— Dataset content —

──────────

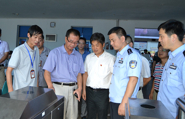7月13日下午,市委常委、區委書記葛學斌、蓮都區公安局局長葉建利等領導在集團公司董事長葉茂的陪同下到客運東站調研護航G20安保工作情況。一行人經過人物分離的安檢通道進入長途班車候車廳,在聽取東站經理江小華介紹下親自體驗了客運東站新安裝的實名檢票系統。葛書記對客運東站的安保工作表示滿意,強調護航G20工作已經進入臨戰階段,作為車站要切實加強出入安全檢查,扎實做好各項安保工作,堅決打贏“護航G20,平安奪金鼎”這場硬戰爭。
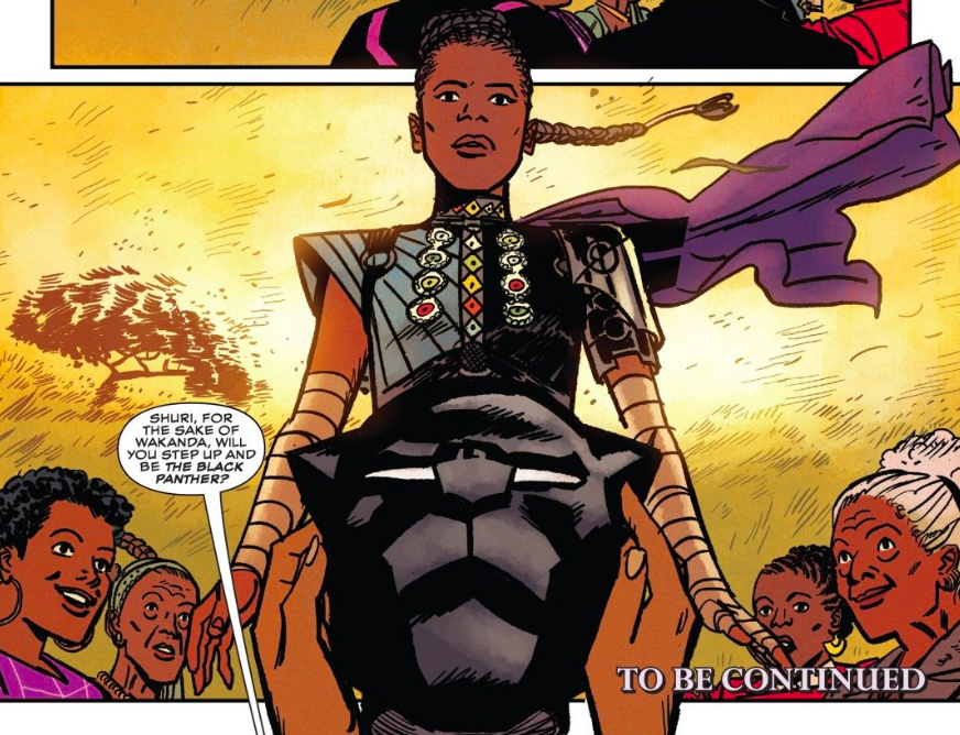 I know Shuri’s story is “just getting started” but I can’t help but think of how fleeting and impermanent her time as Black Panther – if she indeed takes on the role – will be. T’Challa will eventually return to put his kitty claws back on, so Shuri’s tale is not “This is the Black Panther forever and ever” but rather “how once again becoming the Black Panther will affect Shuri.”
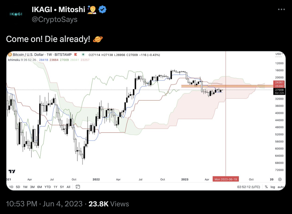 Tweet: June 4th, 2023 > “Inflection point or pivot for the price output for June 19th”
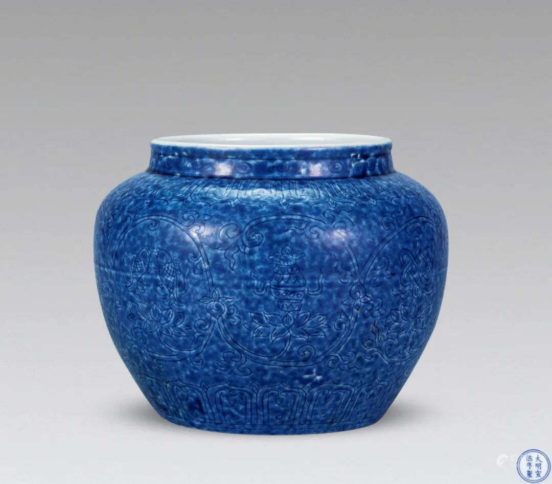拍品估价:360,000 - 500,000 人民币2.景德镇考古所博物馆藏,宣德洒蓝釉骰子钵、宣德洒蓝釉罐。洒蓝釉瓷器为明宣德时期景德镇创烧。洒蓝釉烧制工艺较为特殊,在瓷胎上先上白色釉,随后在烧成的白釉上用竹管蘸蓝釉,吹于器表,遂形成薄厚不均,深浅不同的斑点。因其在浅蓝地上有水迹般的深蓝色斑点,犹如洒落的蓝色水滴一样,故称“洒蓝”,而所余白釉地如同飘落的雪花,因此洒蓝釉又被称为“雪花蓝釉”。

──────────

— Exercise —
Everything in the listing except the pictures must come back exactly as written.

— Task result —
7月13日下午,市委常委、區委書記葛學斌、蓮都區公安局局長葉建利等領導在集團公司董事長葉茂的陪同下到客運東站調研護航G20安保工作情況。一行人經過人物分離的安檢通道進入長途班車候車廳,在聽取東站經理江小華介紹下親自體驗了客運東站新安裝的實名檢票系統。葛書記對客運東站的安保工作表示滿意,強調護航G20工作已經進入臨戰階段,作為車站要切實加強出入安全檢查,扎實做好各項安保工作,堅決打贏“護航G20,平安奪金鼎”這場硬戰爭。
 I know Shuri’s story is “just getting started” but I can’t help but think of how fleeting and impermanent her time as Black Panther – if she indeed takes on the role – will be. T’Challa will eventually return to put his kitty claws back on, so Shuri’s tale is not “This is the Black Panther forever and ever” but rather “how once again becoming the Black Panther will affect Shuri.”
 Tweet: June 4th, 2023 > “Inflection point or pivot for the price output for June 19th”
拍品估价:360,000 - 500,000 人民币2.景德镇考古所博物馆藏,宣德洒蓝釉骰子钵、宣德洒蓝釉罐。洒蓝釉瓷器为明宣德时期景德镇创烧。洒蓝釉烧制工艺较为特殊,在瓷胎上先上白色釉,随后在烧成的白釉上用竹管蘸蓝釉,吹于器表,遂形成薄厚不均,深浅不同的斑点。因其在浅蓝地上有水迹般的深蓝色斑点,犹如洒落的蓝色水滴一样,故称“洒蓝”,而所余白釉地如同飘落的雪花,因此洒蓝釉又被称为“雪花蓝釉”。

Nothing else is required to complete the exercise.